Contagion scared the bejeezus outta me. A slight germaphobe, I keep a bottle of hand sanitizer at my desk, in my backpack, and in my car – it is a small phobia, I admit. Anyone who is not already fanatically cautious with germs will undoubtedly succumb to such a malady after seeing Contagion, for the film exploits contemporary outbreaks such as H1N1 and SARS in order to deliver a chilling and intriguing thriller. Contagion had me squirming in my seat for all one hundred and forty-five minutes of its runtime.

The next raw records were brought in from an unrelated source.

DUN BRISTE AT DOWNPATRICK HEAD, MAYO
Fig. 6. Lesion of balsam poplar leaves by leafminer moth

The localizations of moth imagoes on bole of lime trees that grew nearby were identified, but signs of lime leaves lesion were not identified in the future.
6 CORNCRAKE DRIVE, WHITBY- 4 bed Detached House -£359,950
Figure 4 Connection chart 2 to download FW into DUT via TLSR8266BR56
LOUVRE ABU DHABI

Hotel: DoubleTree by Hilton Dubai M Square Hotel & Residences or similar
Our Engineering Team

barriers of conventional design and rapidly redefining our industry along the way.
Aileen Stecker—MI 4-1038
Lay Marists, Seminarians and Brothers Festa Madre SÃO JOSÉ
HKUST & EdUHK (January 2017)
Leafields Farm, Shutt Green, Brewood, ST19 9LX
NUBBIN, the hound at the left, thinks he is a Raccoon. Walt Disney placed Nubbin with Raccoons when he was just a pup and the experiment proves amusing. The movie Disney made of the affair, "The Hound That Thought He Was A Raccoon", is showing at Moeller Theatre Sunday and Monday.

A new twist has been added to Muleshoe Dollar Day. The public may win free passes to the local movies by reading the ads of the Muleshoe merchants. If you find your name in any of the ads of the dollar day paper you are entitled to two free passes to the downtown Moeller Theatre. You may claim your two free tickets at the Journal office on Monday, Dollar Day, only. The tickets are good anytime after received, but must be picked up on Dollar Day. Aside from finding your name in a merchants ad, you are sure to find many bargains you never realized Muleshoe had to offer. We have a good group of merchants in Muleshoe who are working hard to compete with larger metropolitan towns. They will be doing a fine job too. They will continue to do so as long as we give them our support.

Like all rampant outbreaks, Contagion starts with Patient Zero. (This shouldn’t spoil anything for anyone who has seen the trailer.) Beth Emhoff (Gwyneth Paltrow) waits for her plane in a Hong Kong airport. She looks a bit pasty, but that could simply be the overhead fluorescent light. As Beth boards her flight back to America, Contagion cuts to various other travellers in some form of distress: a man has a coughing fit; a woman is found dead on a hotel room floor. The symptoms of Contagion reveal themselves quickly when Beth succumbs to the illness within four days.
Unable to process Beth’s rapid downturn, her husband, Mitch (Matt Damon) is left in the dark. The case seems especially weird because Mitch is soon quarantined once evidence of the virus appears elsewhere. The lack of info Mitch receives is not, in this case, a complete government conspiracy. The doctors studying the disease have scant hope of defining the disease, which ultimately inhibits the discovery of potential vaccinations.

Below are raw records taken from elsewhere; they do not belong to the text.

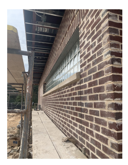
CSK- Glass Block Install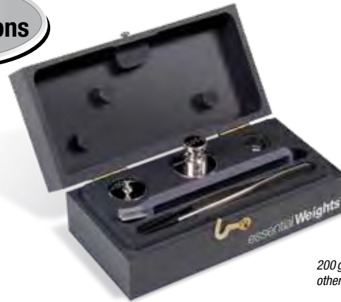
200 g PVC set shown, other sets will vary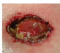
Stomal dehiscence & retraction

i) improved methods of stoma formation to prevent complications and improve quality of life.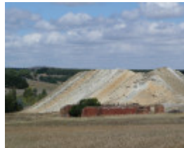
BERRY CONSOLS EXTENDED DEEP LEAD GOLD MINE SOHE 2008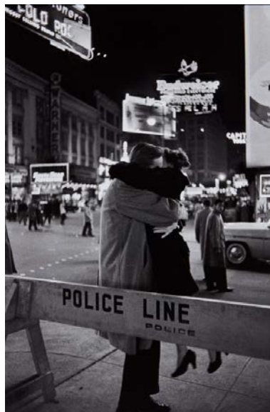
New Year's Eve, Times Square, Manhattan, New York, 1959 Estimate: $10,000-15,000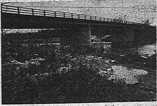
SHOES FOUND ON 21ST STREET BRIDGE OVER EAGLE CREEK Similar To Shoe Found In Assistant Manager's Car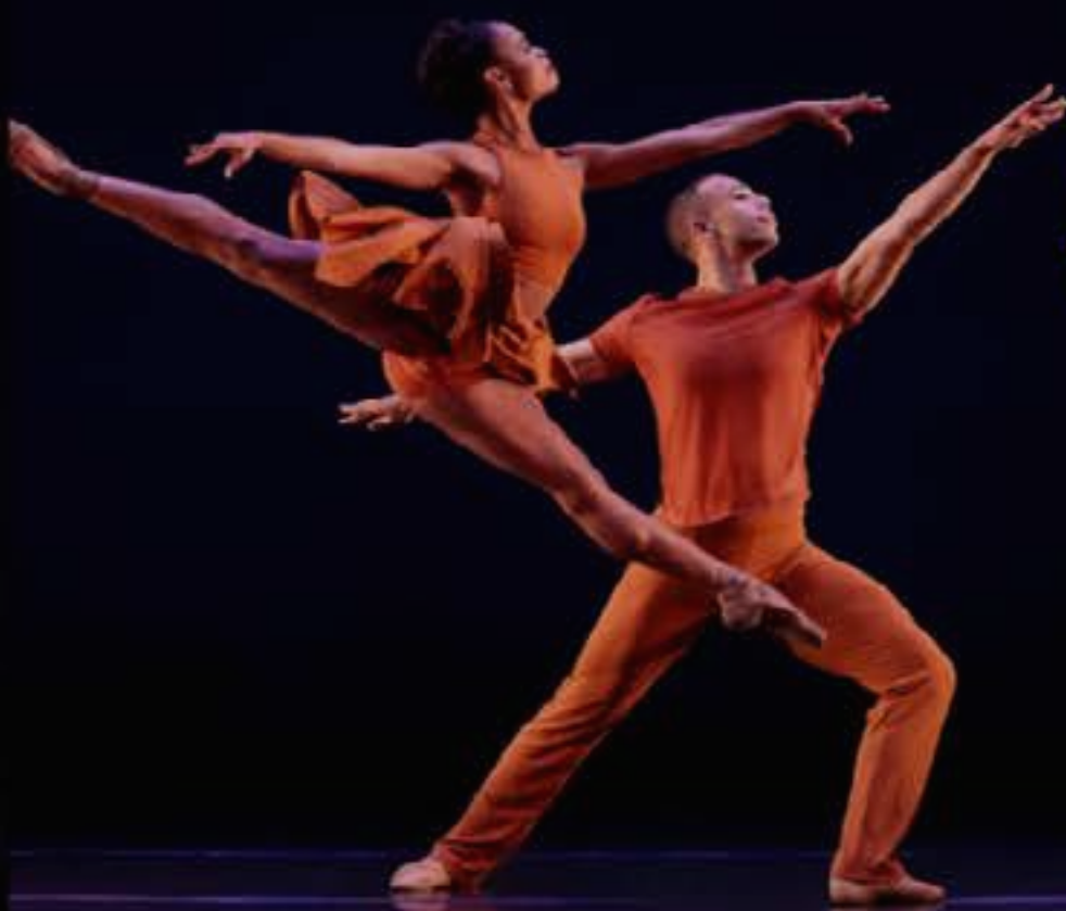
Dance Theater of Harlem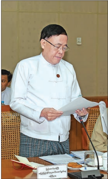
Union Minister for International Cooperation U Kyaw Tin.

The Ministry of Information was to broadcast stories, historical songs and songs related to the country's Independence Day and ensure that articles and special commemorative articles are put in the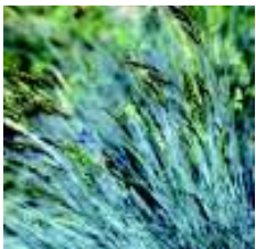
Festuca glauca 'Elijah Blue'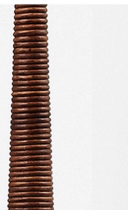
Dark Brown Leather

Working on the case for the Centre of Disease Control are Dr. Ellis Cheever (Laurence Fishburne) and Dr. Ally Hexall (Jennifer Ehle). Both doctors are dedicated workaholics, but they simply cannot keep up with the spread of the disease. Neither can their woman in the field, Dr. Erin Mears (Kate Winslet), who goes into the epicentre of the disease in order to mine from Mitch Beth’s potential contacts, and to subsequently follow the spread. Working on the other side of the globe for the WHO is Dr. Leonora Orantes, an epidemiologist who tracks Beth’s path from its Shanghai origins. Rounding out the threads of investigation is Alan (Jude Law), a muckraking Blogger who thinks the efforts of Dr. Cheever et al are all a big hoax from which pharmaceutical corporations will profit.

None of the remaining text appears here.